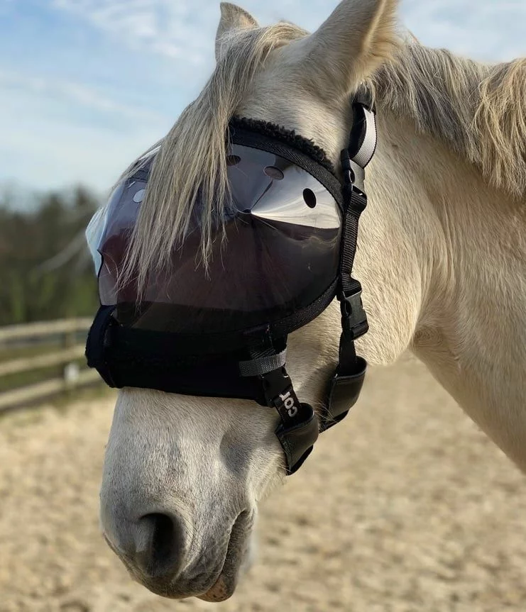 Beskrivelse EQUIVIZOR-skjermen er beregnet på hester som lider av en øyesykdom, som har vært igjennom øyekirurgi eller som ofte klør i øynene. Skjermen er laget av myk og farget PVC. Dette gir en ekstra beskyttelse mot sollys. Det følger også med et UV-motstandsdyktig fluenett for ekstra beskyttelse i tillegg. Send oss gjerne en mail hvis du har spørsmål ang skjermen eller for mer info. Post@dyreskjermer.no |
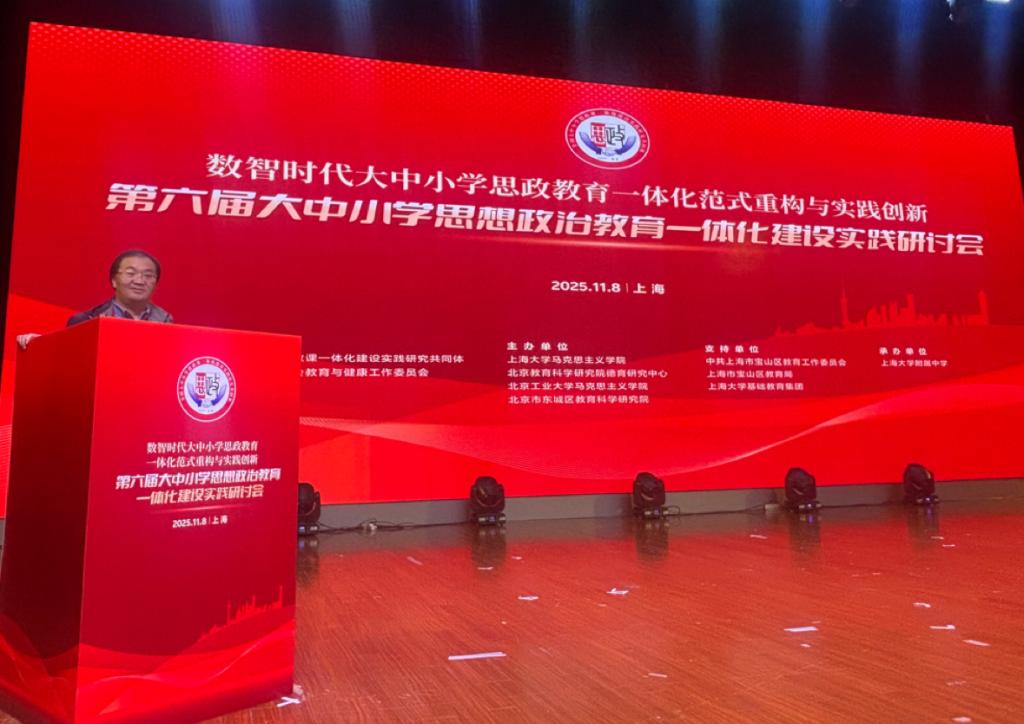 2025年11月8日,全国大中小学思政课一体化建设实践研究共同体第六届大中小学思想政治教育一体化建设实践研讨会在上海大学隆重召开。四川财经职业学院马克思主义学院党建与思政研究中心副主任张志博士、红色财经文化研究中心单立阳应邀参会,与来自全国高校、中小学的专家学者共同探讨思政教育一体化建设的实践路径。
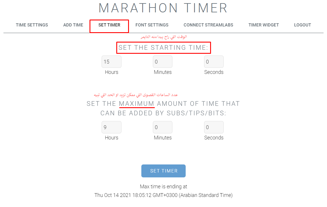 راح يطلب منك تدخل تربط حسابك بتويتش+تربط حسابك بستريم لابز+يقدملك رابط براوزر سورس تدخله في برنامج البث واللي راح يعرضلك عداد الوقت او التايمر في شاشة البث
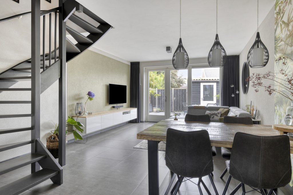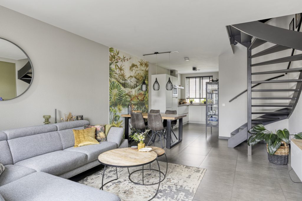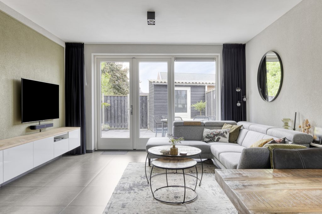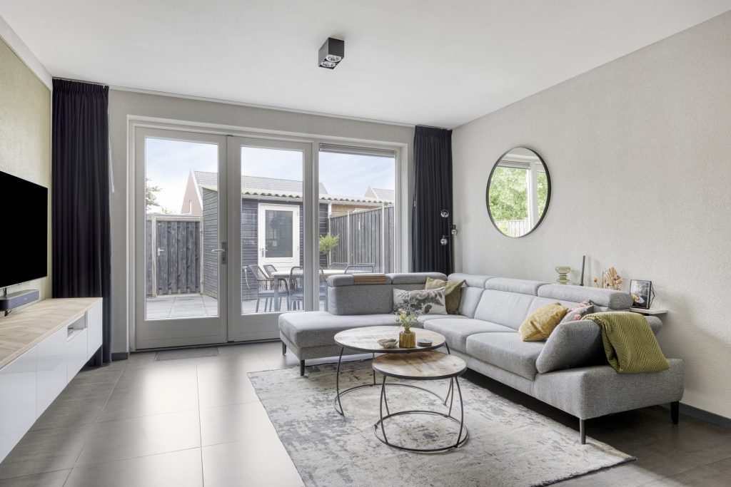 Aangrenzend bevindt zich de gezellige woonkamer die grotendeels is gestucadoord en in lichte en moderne tinten is afgewerkt. Aan de achterzijde geven openslaande tuindeuren toegang tot de tuin en komt er volop lichtinval de woonkamer binnen. In de woonkamer is de open trapopgang naar de 1e verdieping geplaatst.

> [WHAT THE EXERCISE ASKS]: Exactly as they stand, write the lines from the one holding "2025年11月8日,全国大" to the end of the material, both ends included. Do not copy the pictures.

> [RESULT OF THE EXERCISE]:
 2025年11月8日,全国大中小学思政课一体化建设实践研究共同体第六届大中小学思想政治教育一体化建设实践研讨会在上海大学隆重召开。四川财经职业学院马克思主义学院党建与思政研究中心副主任张志博士、红色财经文化研究中心单立阳应邀参会,与来自全国高校、中小学的专家学者共同探讨思政教育一体化建设的实践路径。
 راح يطلب منك تدخل تربط حسابك بتويتش+تربط حسابك بستريم لابز+يقدملك رابط براوزر سورس تدخله في برنامج البث واللي راح يعرضلك عداد الوقت او التايمر في شاشة البث
 Aangrenzend bevindt zich de gezellige woonkamer die grotendeels is gestucadoord en in lichte en moderne tinten is afgewerkt. Aan de achterzijde geven openslaande tuindeuren toegang tot de tuin en komt er volop lichtinval de woonkamer binnen. In de woonkamer is de open trapopgang naar de 1e verdieping geplaatst.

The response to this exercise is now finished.